What is DeepGraph

DeepGraph is an open source Python implementation of a new network representation introduced here. Its purpose is to facilitate data analysis by interpreting data in terms of network theory.

The basis of this software package is Pandas, a fast and flexible data analysis tool for the Python programming language. Utilizing one of its primary data structures, the DataFrame, we represent objects (i.e. the nodes of a network) by one DataFrame, and their pairwise relations (i.e. the edges of a network) by another DataFrame.

One of the main features of DeepGraph is an efficient and scalable creation of edges. Given a set of nodes in the form of a DataFrame (or an on disc HDFStore), DeepGraph’s core class provides methods to iteratively compute pairwise relations between the nodes (e.g. similarity/distance measures) using arbitrary, user-defined functions on the nodes’ features. These methods provide arguments to parallelize the computation and control memory consumption, making them suitable for very large data-sets and adjustable to whatever hardware you have at hand (from netbooks to cluster architectures).
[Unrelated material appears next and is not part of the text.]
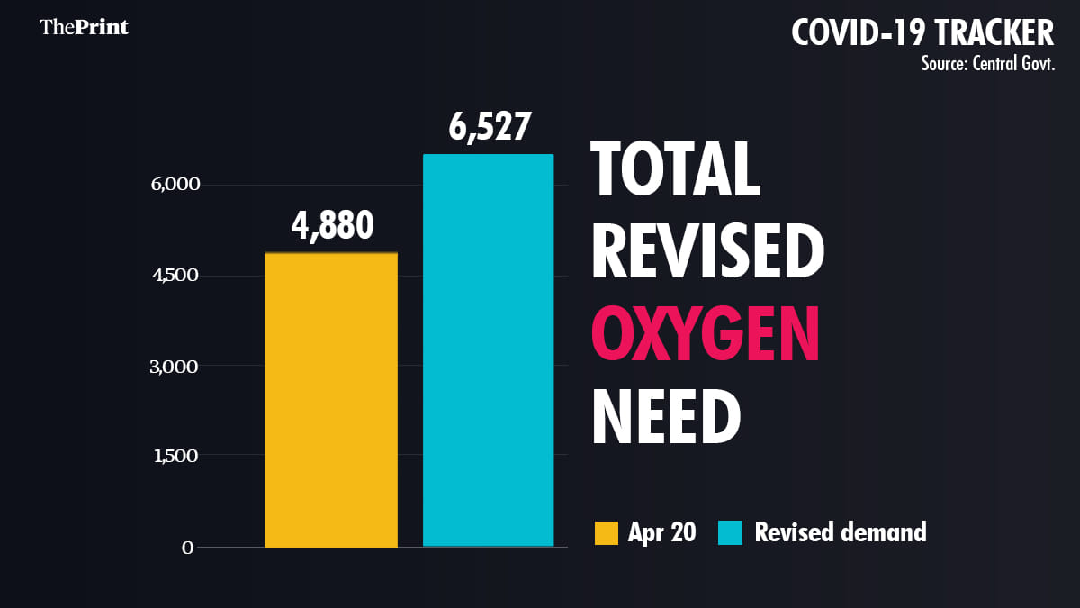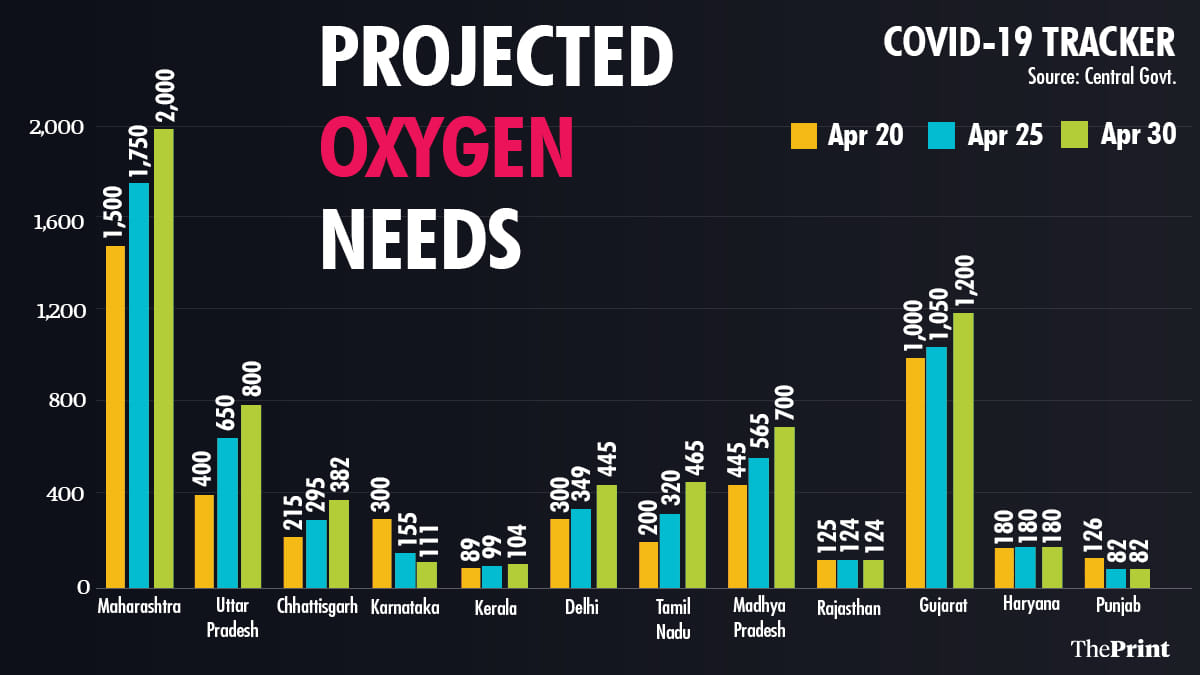 The Delhi government projected that it would need 300 metric tonnes (MT) of oxygen daily by 20 April, 349 MT by 25 April, and 445 MT by 30 April.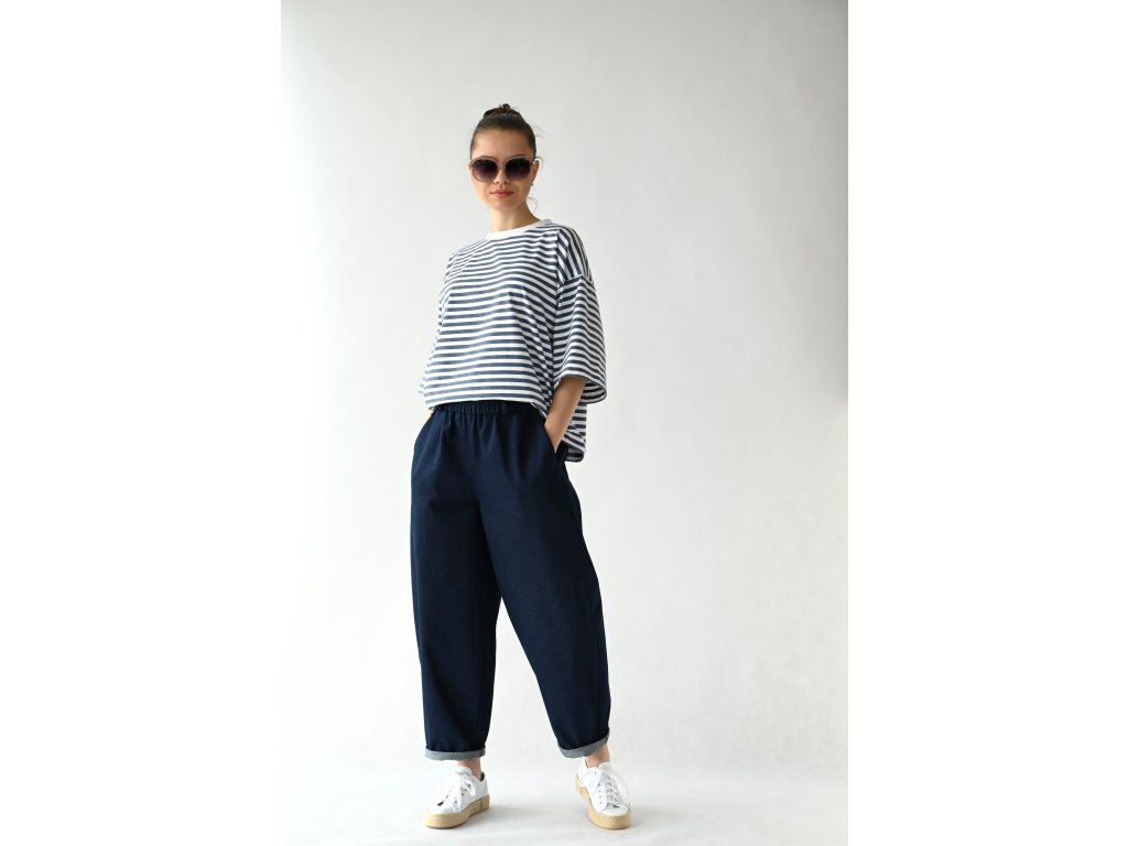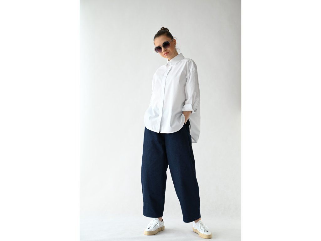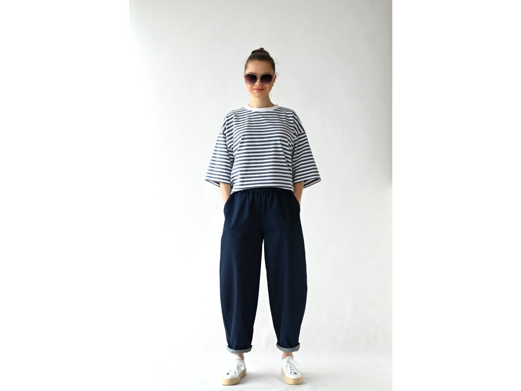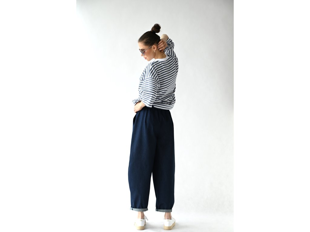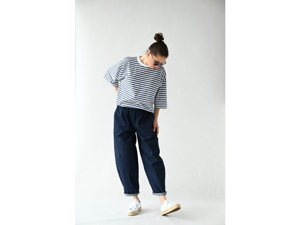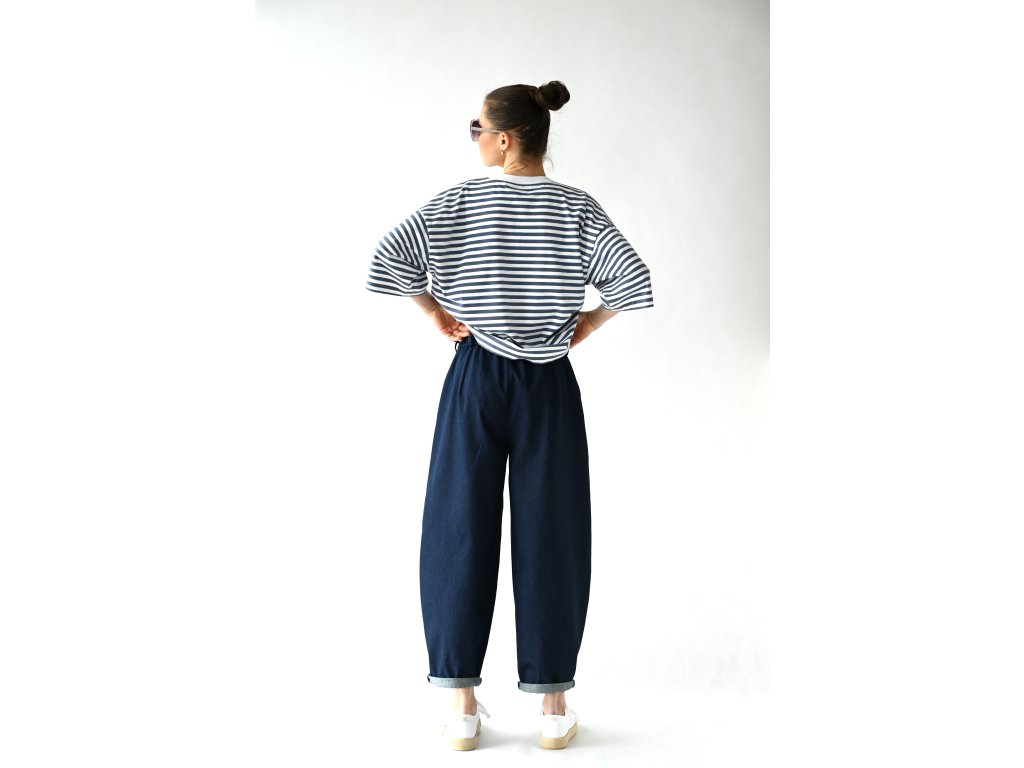 Kalhoty Kami mají volný barrel střih, který se směrem dolů zužuje. Mají kapsy na předním díle a v pase širokou pohodlnou gumu a poutka na pásek. Konec nohavic je podšitý, aby hezky držel tvar.

Furthermore, once a graph is constructed, DeepGraph allows you to partition its nodes, edges or the entire graph by the graph’s properties and labels, enabling the aggregation, computation and allocation of information on and between arbitrary groups of nodes. These methods also let you express elaborate queries on the information contained in a deep graph.

DeepGraph is not meant to replace or compete with already existing Python network libraries, such as NetworkX or graph_tool, but rather to combine and extend their capabilities with the merits of Pandas. For that matter, the core class of DeepGraph provides interfacing methods to convert to common network representations and graph objects of popular Python network packages.

Deepgraph also implements a number of useful plotting methods, including drawings on geographical map projections.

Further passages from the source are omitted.